Luther has a chronic bladder infection and has had at least 3 surgeries to remove jagged stones. After the last one, about a week ago, Dr. A said he wouldn’t survive another one. This is devastating news, of course. I now have to wait and see what happens and decide when his quality of life has declined irreversibly. He’s been through a lot and is not exactly welcome at the vet clinic. One female vet told me, when I brought him in for an emergency after hours, that she and Luther “don’t like each other” because he’s “nasty.” Through angry tears I said, “He’s not nasty, he’s scared to death!” She apologized, but I could tell she wasn’t convinced. But ol’ Dr. A takes him in stride.
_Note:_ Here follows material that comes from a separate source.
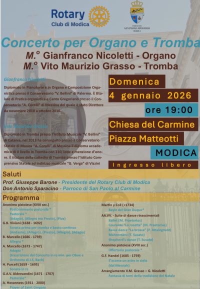 Modica, 31 dicembre 2025 – La suggestiva cornice della Chiesa del Carmine, in Piazza Matteotti, ospiterà domenica 4 gennaio 2026 alle ore 19:00 il Concerto per Organo e Tromba, un appuntamento musicale di grande prestigio promosso dal Rotary Club di Modica. L’ingresso sarà libero, offrendo a cittadini e visitatori un’occasione unica per immergersi nella musica sacra e barocca. Protagonisti della serata saranno due musicisti di alto profilo: il M° Gianfranco Nicoletti all’organo e il M° Vito Maurizio Grasso alla tromba.

When I got Luther home after his latest surgery, he couldn’t walk straight for several hours, and when he could, he tried to get away from me by scooting under the bed. At about 24 hours, I petted him and said his name gently. He always responds to his name, but this time he turned his head away. I don’t know how much of his behavior is emotionally based, or if I’m just imagining what he’s feeling. At one point I went to check on him, and he was splayed out in the litter box. When he realized I was there, he pulled himself halfway out, presumably to escape from me again. I know it’s not really personal, but it’s hard to take. I was telling one of my friends on Facebook how he’d been acting since coming home, and the minute I sent the message, Luther came walking over to me and rubbing on my leg and purring. I wanted to think we were having a mind meld where he knew what I had just written about him. Anthropomorphism: a chronic state in which animal lovers can’t let their pets (or their backyard birds) be who they really are. We try to impose our feelings and expectations on them, as though the actual bond, visible or not, between us and them isn’t enough. I am going to try to be with Luther for the time he has left and not dwell on the inevitable. Easier said than done. But he’d better not bite me again.